■ Exercise data
******
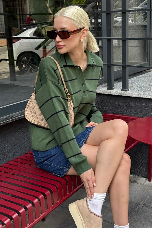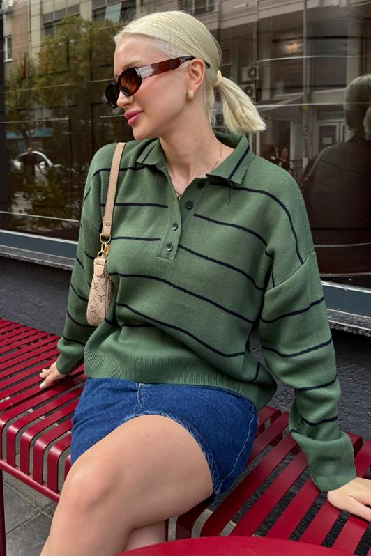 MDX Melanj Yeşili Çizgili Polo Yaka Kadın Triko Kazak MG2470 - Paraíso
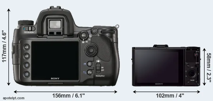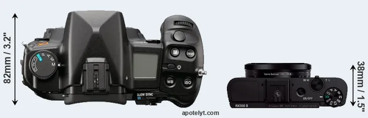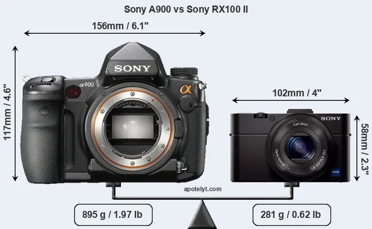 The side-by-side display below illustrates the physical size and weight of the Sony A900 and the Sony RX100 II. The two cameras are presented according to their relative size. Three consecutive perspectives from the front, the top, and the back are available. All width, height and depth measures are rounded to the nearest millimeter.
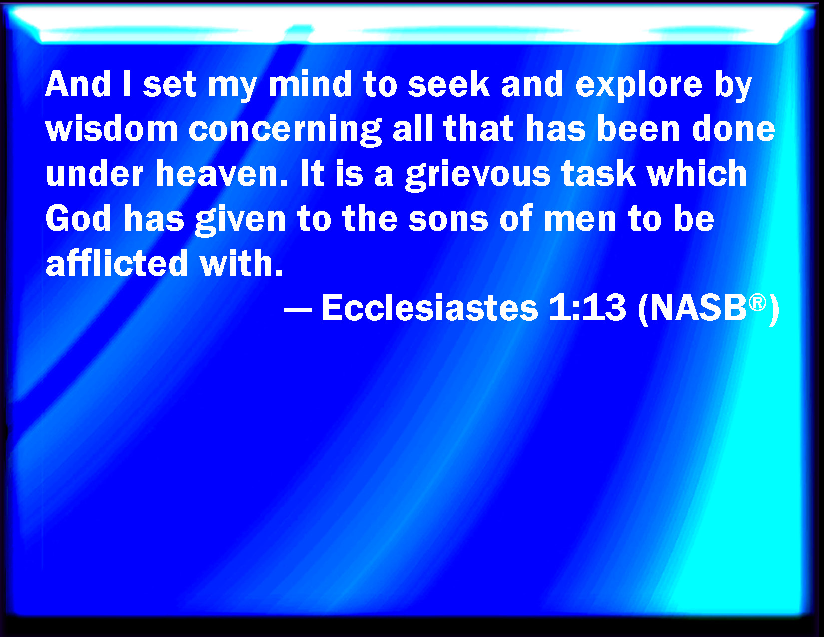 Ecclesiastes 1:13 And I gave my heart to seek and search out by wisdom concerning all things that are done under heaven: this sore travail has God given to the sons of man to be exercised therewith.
******
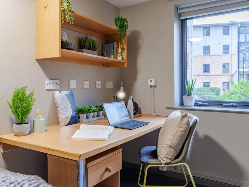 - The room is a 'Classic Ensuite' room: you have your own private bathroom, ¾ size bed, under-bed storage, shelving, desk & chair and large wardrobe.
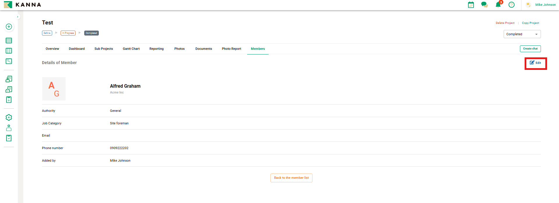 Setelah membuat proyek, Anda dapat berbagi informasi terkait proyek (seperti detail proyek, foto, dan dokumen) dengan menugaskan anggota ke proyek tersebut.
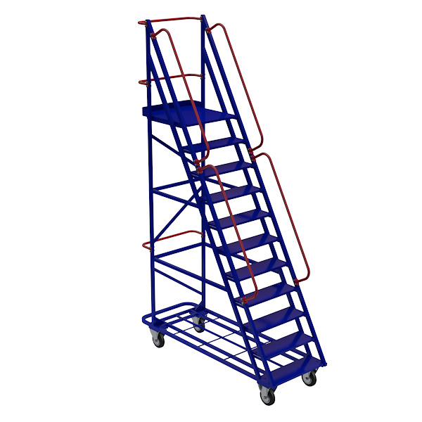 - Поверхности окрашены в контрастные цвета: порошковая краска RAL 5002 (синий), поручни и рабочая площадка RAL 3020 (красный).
******
■ Task prompt
Reproduce, word for word, only the lines in the records above from the line with "Setelah membuat proyek, Anda" through the line with "- Поверхности окрашены", including both ends; omit the pictures.

■ Completed task
 Setelah membuat proyek, Anda dapat berbagi informasi terkait proyek (seperti detail proyek, foto, dan dokumen) dengan menugaskan anggota ke proyek tersebut.
 - Поверхности окрашены в контрастные цвета: порошковая краска RAL 5002 (синий), поручни и рабочая площадка RAL 3020 (красный).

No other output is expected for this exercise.